§ **PROBLEM DESCRIPTION**
Everything in the data that follows should be given again verbatim, except the images.
*** Begin section ***
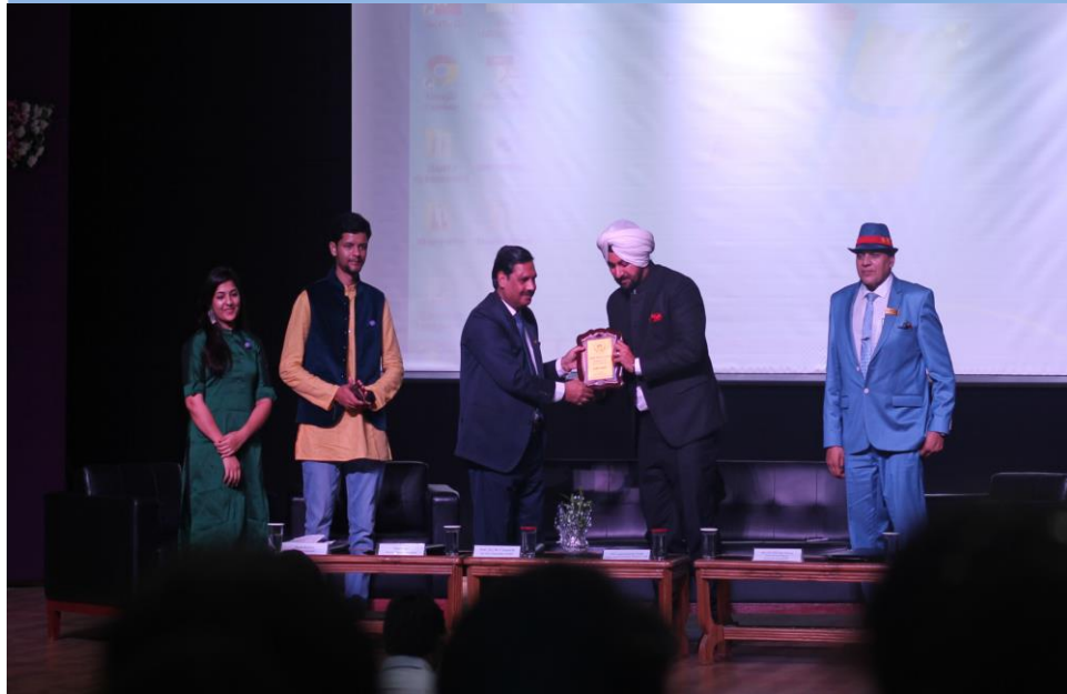
Memento to chiefguest in opening ceremony
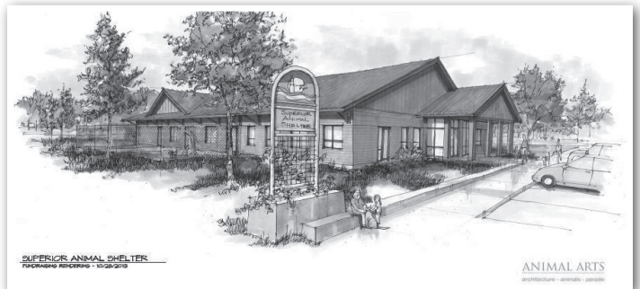
Architectural rendering of the proposed shelter.
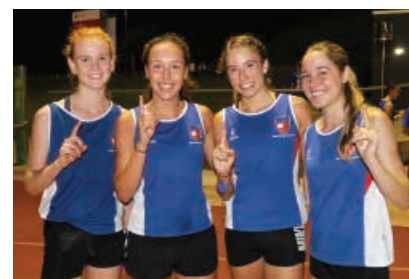
Cross Country 4 X 1500m relay winners

Thank you to all participants, convenors, coaches, staff and supporters for making 2018 an enjoyable and successful year for sport at Emmanuel.
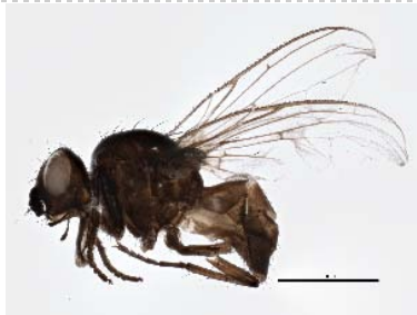
BIOUG05567-G12 [Lateral] Egle
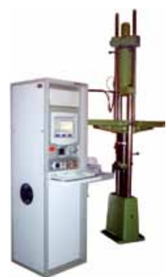
Amsler SZBDA 599 - 200 kN
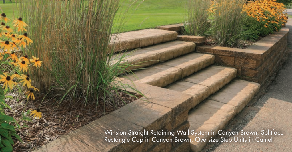
Winston Straight Retaining Wall System in Canyon Brown, Splitface Rectangle Cap in Canyon Brown, Oversize Step Units in Camel
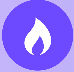
Gas pipework installed
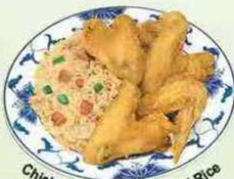
Chicken Wings & Pork Fried Rice
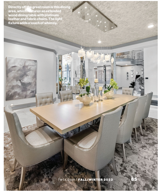
Directly off the great room is this dining area, which features an extended wood dining table with platinum leather and fabric chairs. The light fixture adds a touch of whimsy.
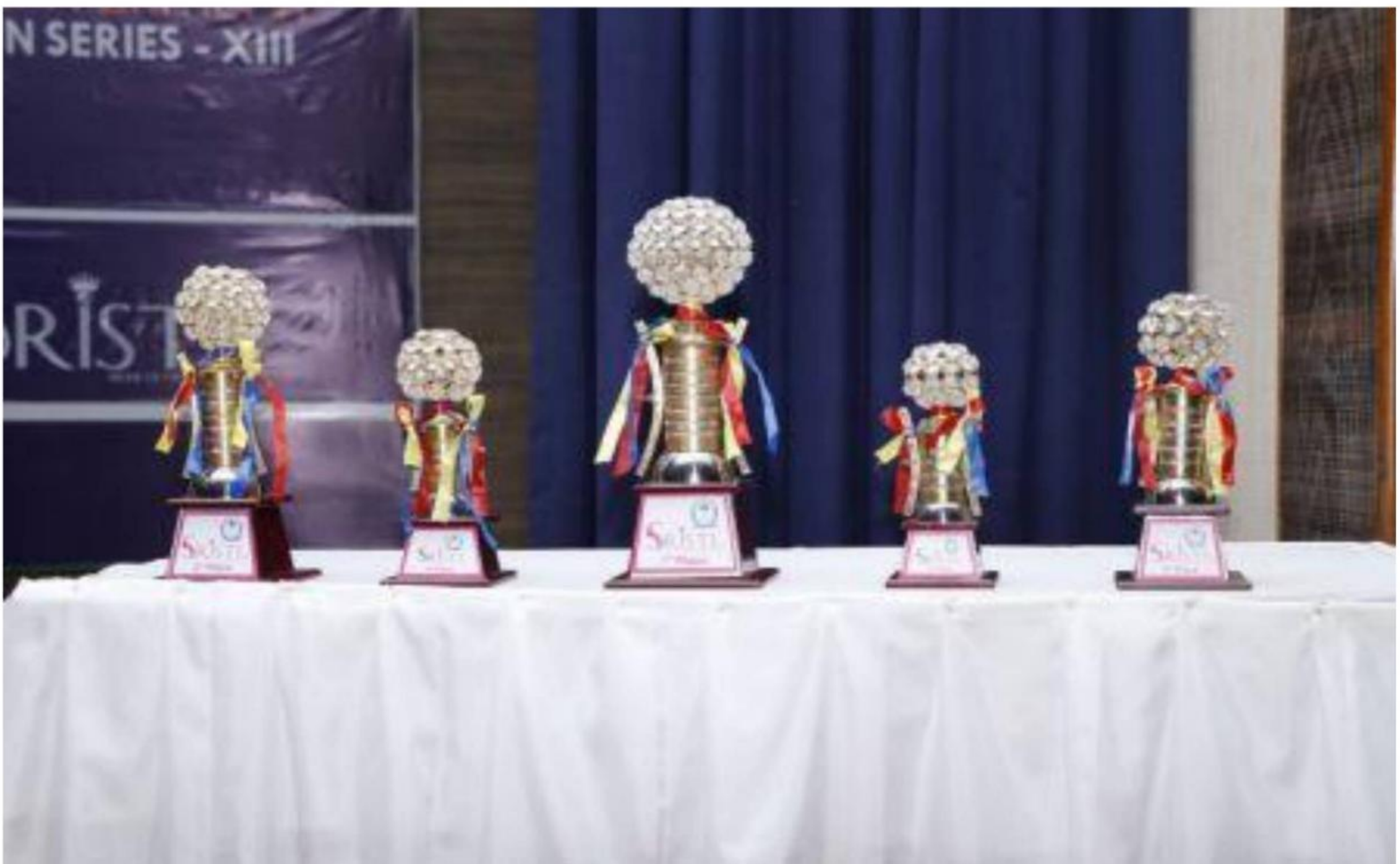
INTERNATIONAL WOMEN'S DAY CELEBRATION - DATE: 07.03.2020
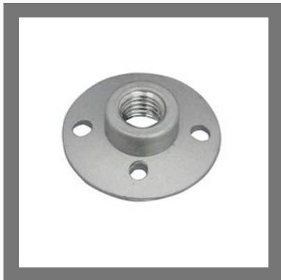
Zinc Die Casting
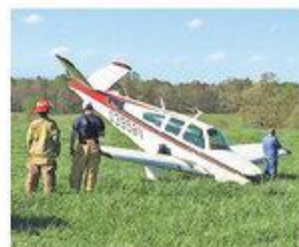
A small plane made an emergency landing in an Anderson County field on Monday.
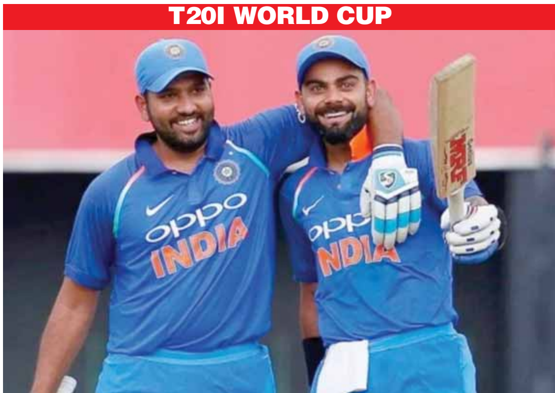
T20I WORLD CUP

...And that's how it should be. But I'm sure that you will have a very formidable side."
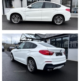
Absolutely Immaculate Example!

Comes complete with Full Service History, Full Owners Manuals, 2 Keys, Heads Up Display, Full black leather, Heated, Electric Seats, Sat Nav, & all the usual MSport refinements.
*** End section ***
§ **OUTPUT BELOW**
Memento to chiefguest in opening ceremony
Architectural rendering of the proposed shelter.
Cross Country 4 X 1500m relay winners

Thank you to all participants, convenors, coaches, staff and supporters for making 2018 an enjoyable and successful year for sport at Emmanuel.
BIOUG05567-G12 [Lateral] Egle
Amsler SZBDA 599 - 200 kN
Winston Straight Retaining Wall System in Canyon Brown, Splitface Rectangle Cap in Canyon Brown, Oversize Step Units in Camel
Gas pipework installed
Chicken Wings & Pork Fried Rice
Directly off the great room is this dining area, which features an extended wood dining table with platinum leather and fabric chairs. The light fixture adds a touch of whimsy.
INTERNATIONAL WOMEN'S DAY CELEBRATION - DATE: 07.03.2020
Zinc Die Casting
A small plane made an emergency landing in an Anderson County field on Monday.
T20I WORLD CUP

...And that's how it should be. But I'm sure that you will have a very formidable side."
Absolutely Immaculate Example!

Comes complete with Full Service History, Full Owners Manuals, 2 Keys, Heads Up Display, Full black leather, Heated, Electric Seats, Sat Nav, & all the usual MSport refinements.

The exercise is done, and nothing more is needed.